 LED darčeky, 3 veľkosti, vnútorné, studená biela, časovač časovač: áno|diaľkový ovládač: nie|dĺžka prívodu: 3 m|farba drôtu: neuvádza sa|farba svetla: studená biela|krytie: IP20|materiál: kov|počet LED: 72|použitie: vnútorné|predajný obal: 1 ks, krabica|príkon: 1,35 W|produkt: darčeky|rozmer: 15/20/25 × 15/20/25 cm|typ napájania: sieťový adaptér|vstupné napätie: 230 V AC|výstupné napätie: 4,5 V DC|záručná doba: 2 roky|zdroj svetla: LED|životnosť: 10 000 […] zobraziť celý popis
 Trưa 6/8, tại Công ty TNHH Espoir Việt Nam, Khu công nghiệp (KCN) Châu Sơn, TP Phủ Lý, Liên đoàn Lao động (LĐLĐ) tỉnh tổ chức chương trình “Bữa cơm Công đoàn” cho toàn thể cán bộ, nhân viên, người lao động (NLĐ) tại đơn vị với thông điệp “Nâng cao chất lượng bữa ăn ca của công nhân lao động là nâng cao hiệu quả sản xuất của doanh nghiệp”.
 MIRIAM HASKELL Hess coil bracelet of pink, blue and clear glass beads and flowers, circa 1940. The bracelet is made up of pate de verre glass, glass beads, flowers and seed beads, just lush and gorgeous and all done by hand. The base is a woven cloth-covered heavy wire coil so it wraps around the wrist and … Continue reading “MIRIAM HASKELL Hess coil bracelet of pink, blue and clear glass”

--

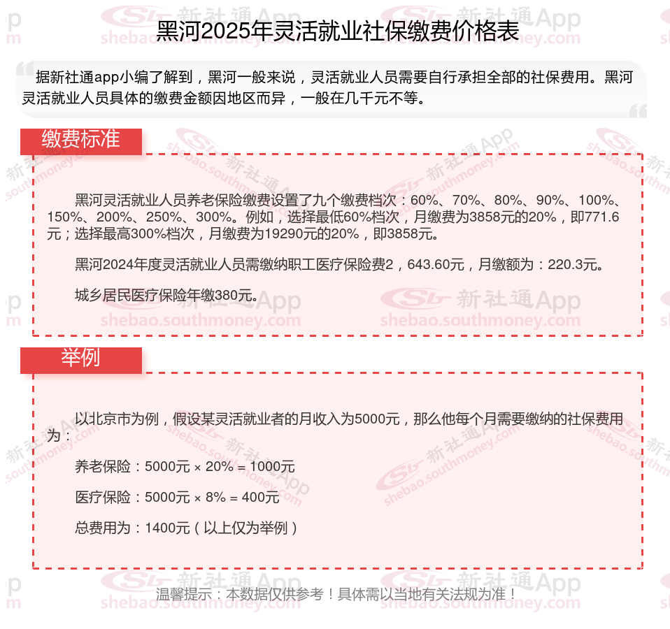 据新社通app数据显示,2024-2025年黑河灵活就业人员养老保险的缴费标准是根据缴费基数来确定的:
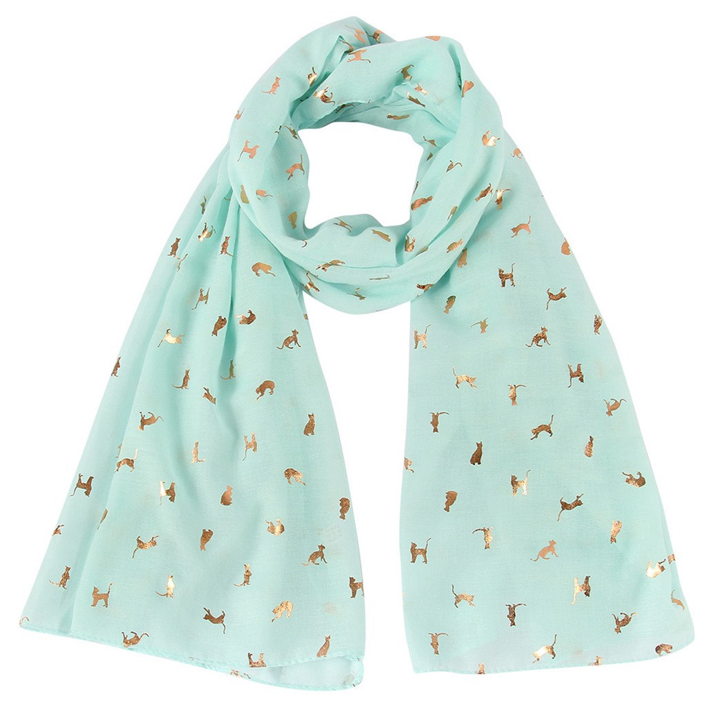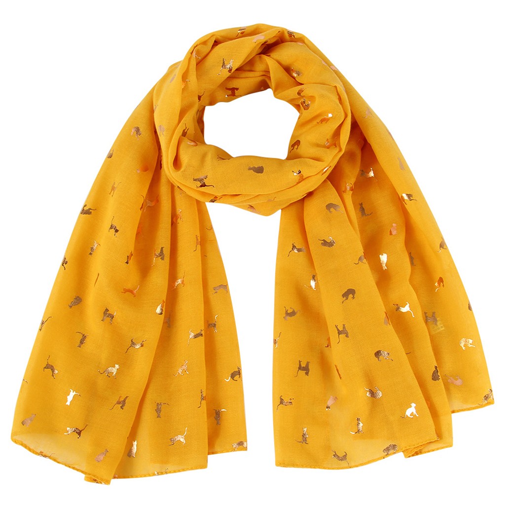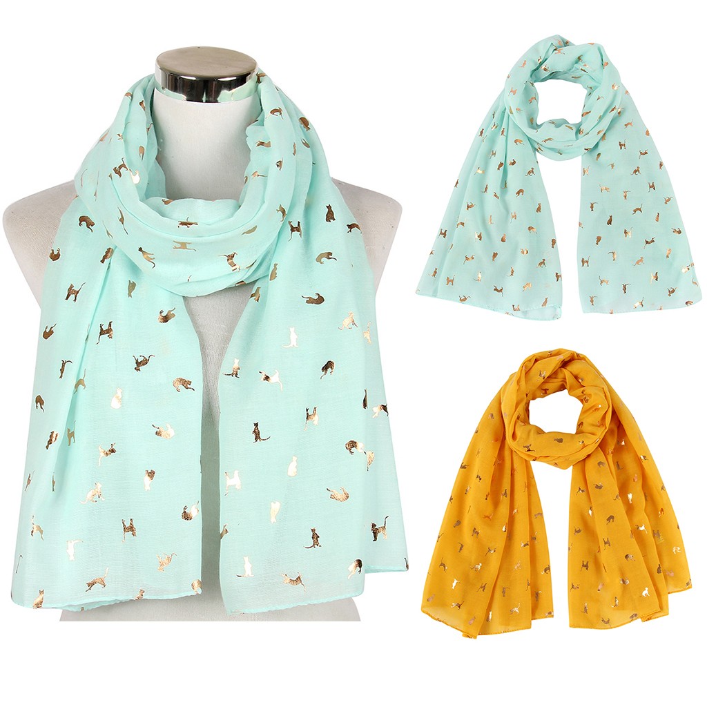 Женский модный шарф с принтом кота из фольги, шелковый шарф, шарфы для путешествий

...

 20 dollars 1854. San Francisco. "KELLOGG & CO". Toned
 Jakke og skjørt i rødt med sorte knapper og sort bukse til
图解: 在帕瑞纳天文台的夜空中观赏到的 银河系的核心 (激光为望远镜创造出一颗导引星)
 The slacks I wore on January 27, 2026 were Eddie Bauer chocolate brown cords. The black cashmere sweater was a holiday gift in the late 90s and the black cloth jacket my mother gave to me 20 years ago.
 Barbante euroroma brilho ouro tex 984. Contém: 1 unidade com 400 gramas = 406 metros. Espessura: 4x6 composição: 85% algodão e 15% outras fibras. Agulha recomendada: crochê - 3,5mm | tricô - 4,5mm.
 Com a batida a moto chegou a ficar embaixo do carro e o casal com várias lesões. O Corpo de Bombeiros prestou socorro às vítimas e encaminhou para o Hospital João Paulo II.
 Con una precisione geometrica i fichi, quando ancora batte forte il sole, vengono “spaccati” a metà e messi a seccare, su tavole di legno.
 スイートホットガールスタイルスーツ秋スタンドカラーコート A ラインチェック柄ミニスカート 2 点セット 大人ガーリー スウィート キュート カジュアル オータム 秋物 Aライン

Task objective: Return, unchanged, the run of lines above that opens with the line containing "LED darčeky, 3" and closes with the line containing "clear glass beads". Include both.

Answer space:
 LED darčeky, 3 veľkosti, vnútorné, studená biela, časovač časovač: áno|diaľkový ovládač: nie|dĺžka prívodu: 3 m|farba drôtu: neuvádza sa|farba svetla: studená biela|krytie: IP20|materiál: kov|počet LED: 72|použitie: vnútorné|predajný obal: 1 ks, krabica|príkon: 1,35 W|produkt: darčeky|rozmer: 15/20/25 × 15/20/25 cm|typ napájania: sieťový adaptér|vstupné napätie: 230 V AC|výstupné napätie: 4,5 V DC|záručná doba: 2 roky|zdroj svetla: LED|životnosť: 10 000 […] zobraziť celý popis
 Trưa 6/8, tại Công ty TNHH Espoir Việt Nam, Khu công nghiệp (KCN) Châu Sơn, TP Phủ Lý, Liên đoàn Lao động (LĐLĐ) tỉnh tổ chức chương trình “Bữa cơm Công đoàn” cho toàn thể cán bộ, nhân viên, người lao động (NLĐ) tại đơn vị với thông điệp “Nâng cao chất lượng bữa ăn ca của công nhân lao động là nâng cao hiệu quả sản xuất của doanh nghiệp”.
 MIRIAM HASKELL Hess coil bracelet of pink, blue and clear glass beads and flowers, circa 1940. The bracelet is made up of pate de verre glass, glass beads, flowers and seed beads, just lush and gorgeous and all done by hand. The base is a woven cloth-covered heavy wire coil so it wraps around the wrist and … Continue reading “MIRIAM HASKELL Hess coil bracelet of pink, blue and clear glass”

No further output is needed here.